ABOUT THIS EXERCISE → Would you please transcribe the data in full and exactly, excluding images?
======== SOURCE DATA ========
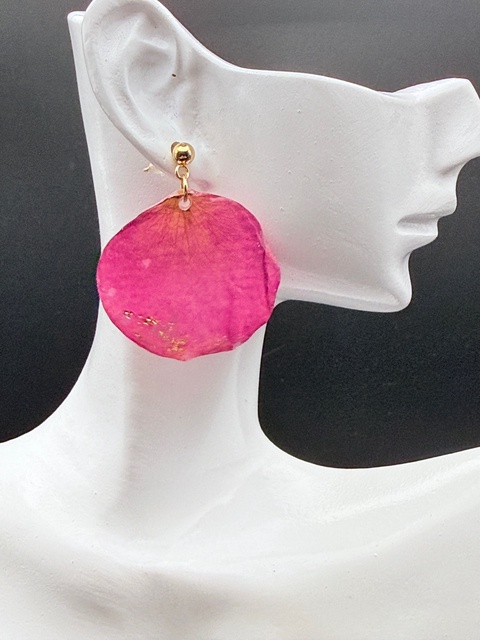 Cercei cu petale naturale de trandafir roz si foita de aur – bijuterii din flori presate
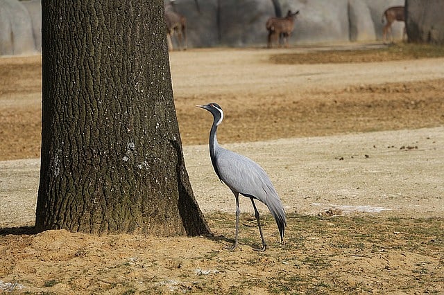 Demoiselle Crane spends the winter in the Indian subcontinent. These cranes are the smallest species of crane that lives in a variety of different environments. They are mostly found in the desert areas of Rajasthan.
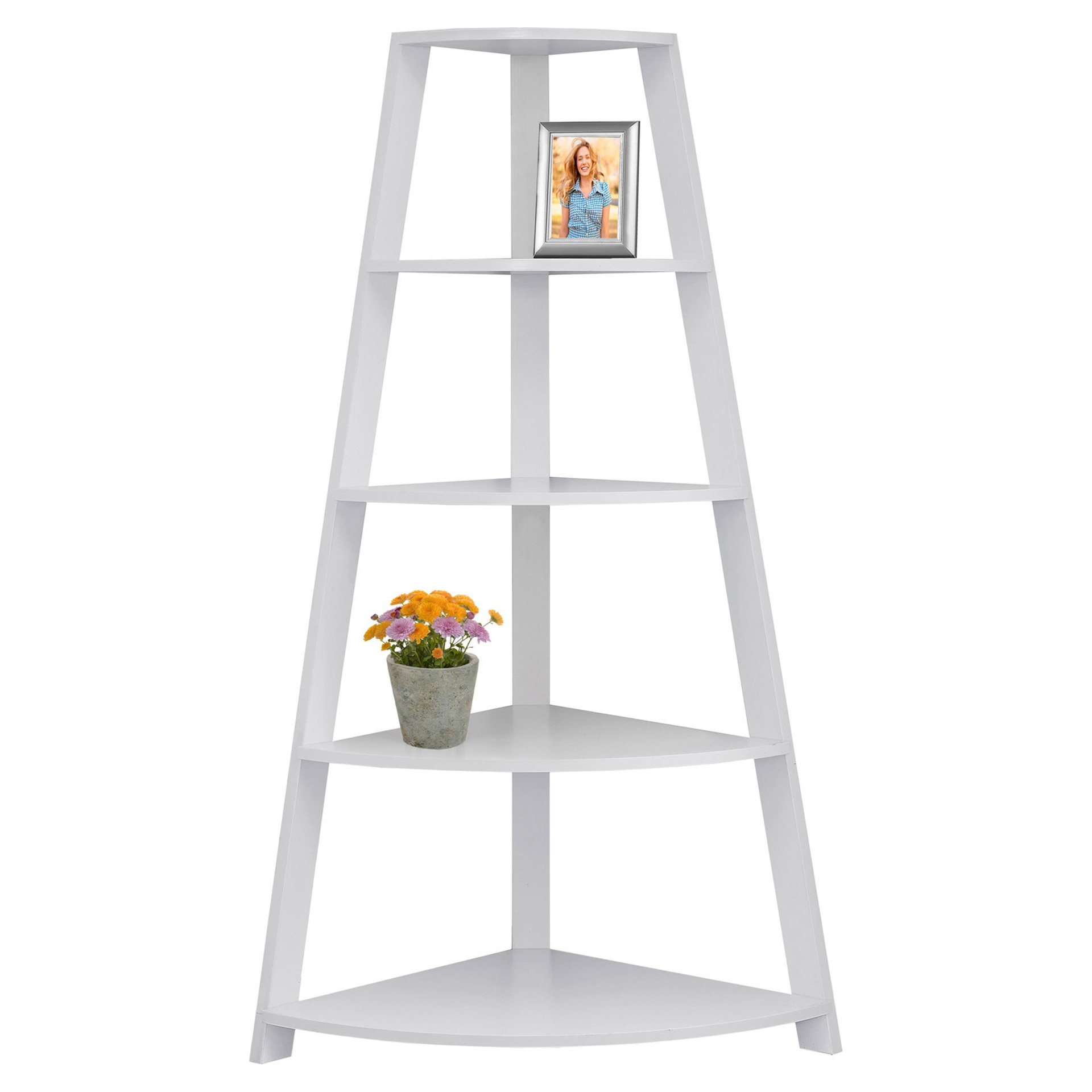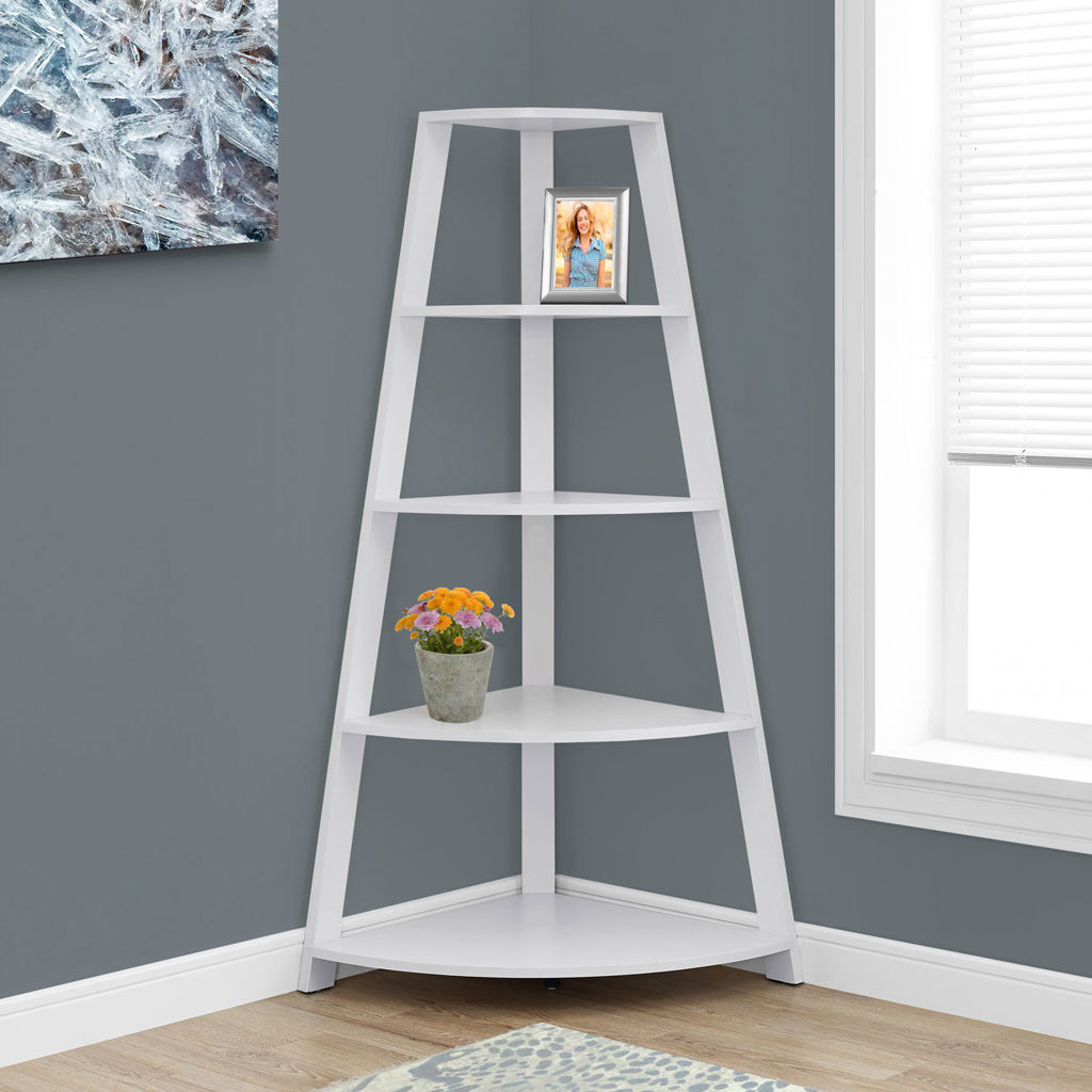 Complete your living room, hallway or office décor with this white corner shelf unit. With its contemporary design and 4 thick shelves, this shelf unit will match any décor while providing ample storage space.
========
EXERCISE RESPONSE →
 Cercei cu petale naturale de trandafir roz si foita de aur – bijuterii din flori presate
 Demoiselle Crane spends the winter in the Indian subcontinent. These cranes are the smallest species of crane that lives in a variety of different environments. They are mostly found in the desert areas of Rajasthan.
 Complete your living room, hallway or office décor with this white corner shelf unit. With its contemporary design and 4 thick shelves, this shelf unit will match any décor while providing ample storage space.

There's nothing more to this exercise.